Recently, I got sucked into importing Excel sheets into a database. I had thought, well that's easy with a tool such as SQL Server 2000 DTS Import/Export Wizard or SQL Server 2005 Import/Export Wizard. Needless to say, the Excel import business ran into a snag. With the error messages from the wizard not being really helpful, I ditched the wizard and wrote the following little ADO.NET program to read the Excel cells and dump them to a text file for a quick bcp import:
using System;
using System.IO;
using System.Data;
using System.Data.OleDb;
class Junk
{
static void Main(string[] args)
{
String sConnectionString =
"Provider=Microsoft.Jet.OLEDB.4.0;" +
"Data Source=" + "Junk.xls" + ";" +
"Extended Properties=Excel 8.0;";
OleDbConnection conn = new OleDbConnection(sConnectionString);
conn.Open();
OleDbCommand cmd =
new OleDbCommand("SELECT * FROM [Vendors$]", conn);
OleDbDataReader reader =
cmd.ExecuteReader(CommandBehavior.CloseConnection);
while (reader.Read())
{
for(int i=0; i< reader.FieldCount-1; i++)
{
Console.Write(reader.GetValue(i).ToString() + "|");
}
Console.Write(reader.GetValue(reader.FieldCount-1).ToString() + "}");
}
conn.Close();
}
}
But as soon as I thought I was done, I noticed that some cells were truncated in the output text file. I'm sure there is a switch somewhere that I could have used to tell the OLE DB reader not to truncate anything. But I was pressed for time and I had to cut the loss. Plus, I really started to worry about the data quality of the Excel sheet and wanted to be able to check/verify each cell.
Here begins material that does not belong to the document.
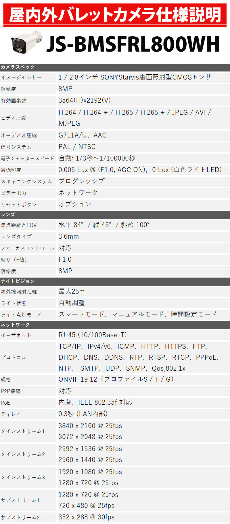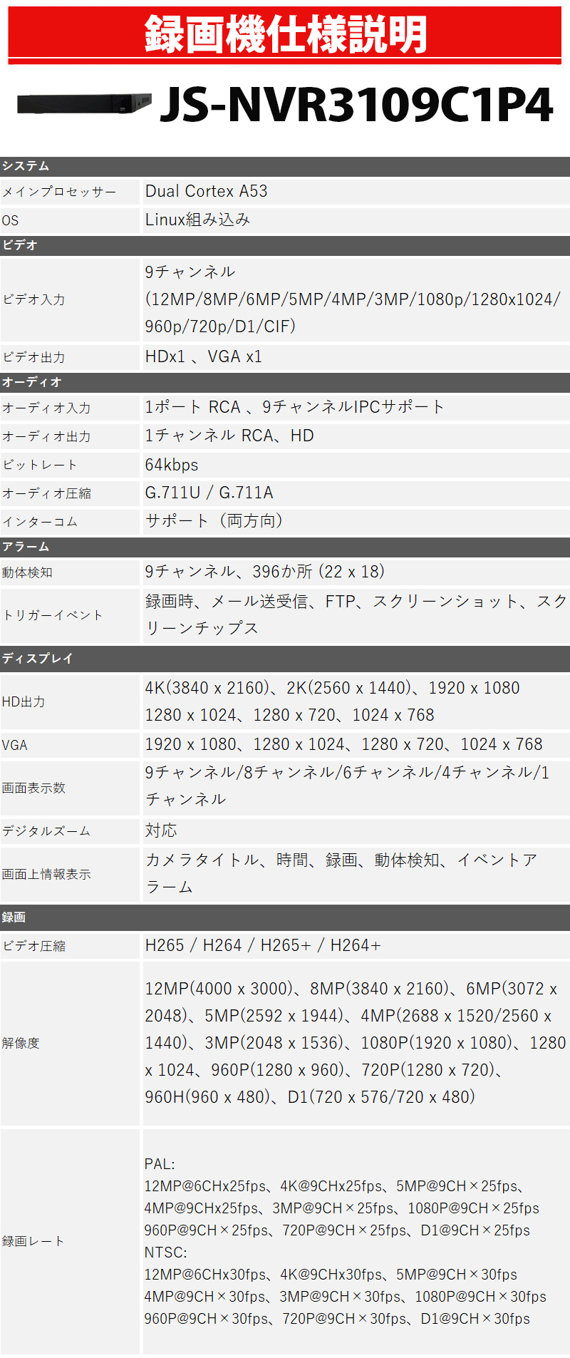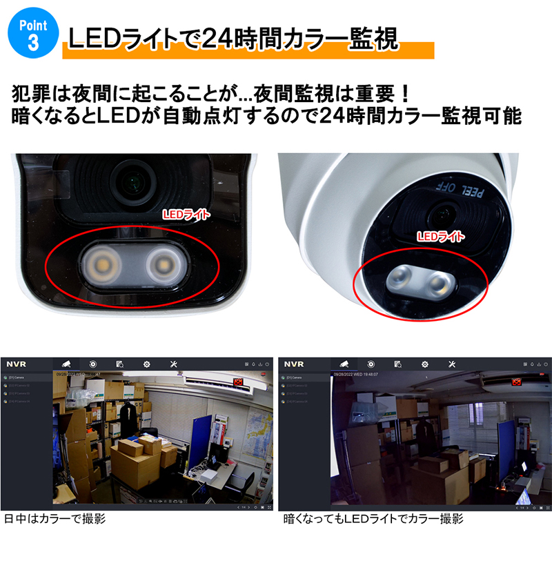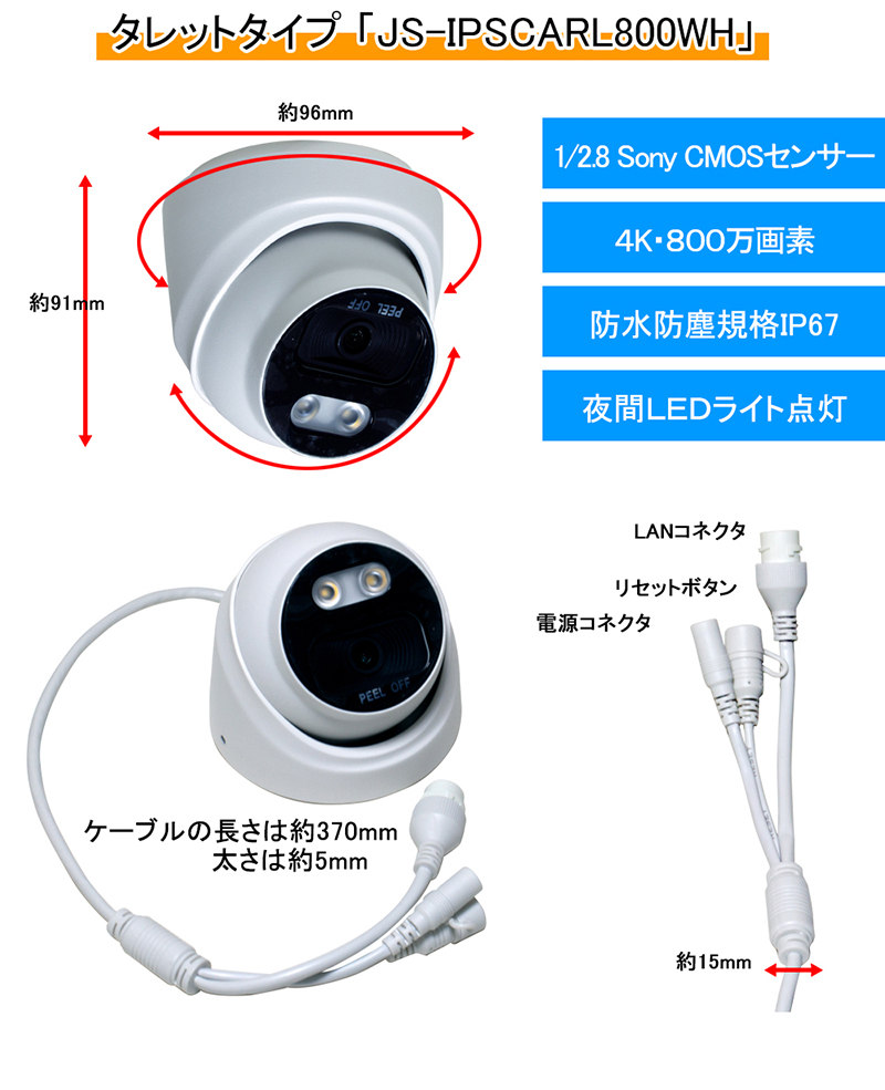 防犯カメラセット 4K フルカラー IP 屋内屋外カメラ1~4台 レコーダーHDD別 4chNVR カメラ電源不要 スマホ監視 PoE 4KIP-SETJS-4CH-TS

Instead of figuring out how to get the C# code to work, I ditched it and put together the following little Perl script:
use strict;
use Win32::OLE;
use Win32::OLE::Const 'Microsoft.Excel';
use Win32::OLE::Variant;
use Win32::OLE::NLS qw(:LOCALE :DATE);
my $ex;
eval {$ex = Win32::OLE->GetActiveObject('Excel.Application')};
die "Excel not installed" if $@;
unless (defined $ex)
{
$ex = Win32::OLE->new('Excel.Application', sub {$_[0]->Quit;})
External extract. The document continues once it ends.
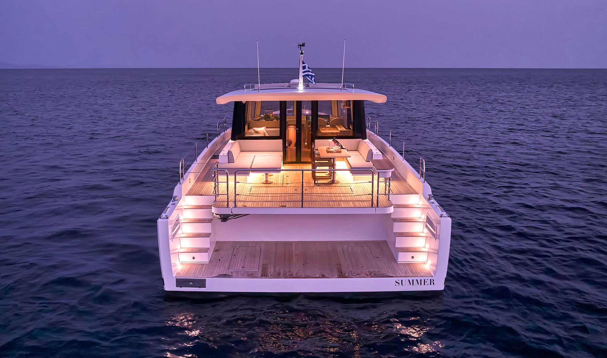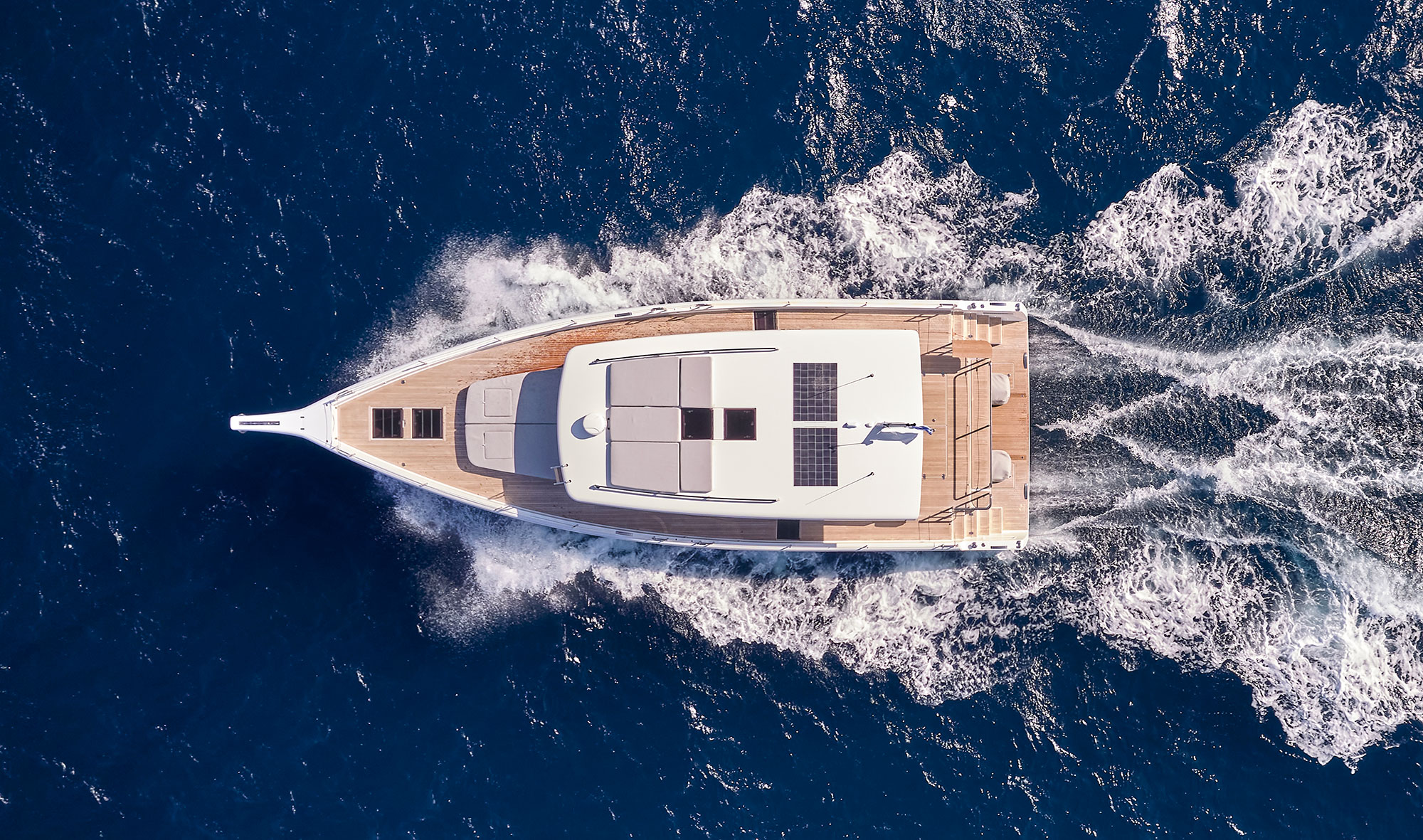 Le forme larghe dello scafo offrono superfici di coperta generose e una grandissima plancia a poppa per stivare il tender e per un accesso al mare diretto e senza barriere.

or die "Oops, cannot start Excel";
}open(LOG, ">readExcel.log") or
die "can't open readExcel.log for write.\n";my $book = $ex->Workbooks->Open('c:\Junk.xls') or
die Win32::OLE->LastError();
my $sheet = $book->Worksheets(1);
my $array = $sheet->Range("A2:Z1878")->{Value}; # specify the rangemy $row_cnt = 0;
for (@$array) {
foreach my $i (0..(scalar(@$_) - 2))
{
if (ref($_->[$i]))
{
print $_->[$i]->Date("MM-dd-yyyy") . "\t";
}
else
{
my $b = $_->[$i];
$b =~ s/\s/ /g; # convert whitespaces to blanks
print "$b" . "\t";
}
}
my $b = $_->[scalar(@$_) - 1];
$b =~ s/\s/ /g;
print "$b" . "\n";
$row_cnt++;
print LOG "($row_cnt," . scalar(@$_) . ")\n";
}
close(LOG);
I used several variations of this script to help check the Excel sheet. For instance, I changed the script to count the number of characters in each cell and figured out the max number of characters in each column in the sheet. This helped in determining the width for each column in the destination table. The table automatically generated by the import wizard just got all the column widths wrong.
Now, I'm not suggesting that this particular approach was the best or the script was such a terrific piece of code--I couldn't care less about its style or whether it's most efficient, I just wanted to get the data out of the cells and get the work done. Sure, there are many other ways to accomplish this, and your favorite method depends on your experience and the tool you are familiar with.
The point is that when a pre-built tool doesn't quite work out, it's good to know a little bit scripting that can help fill the gap.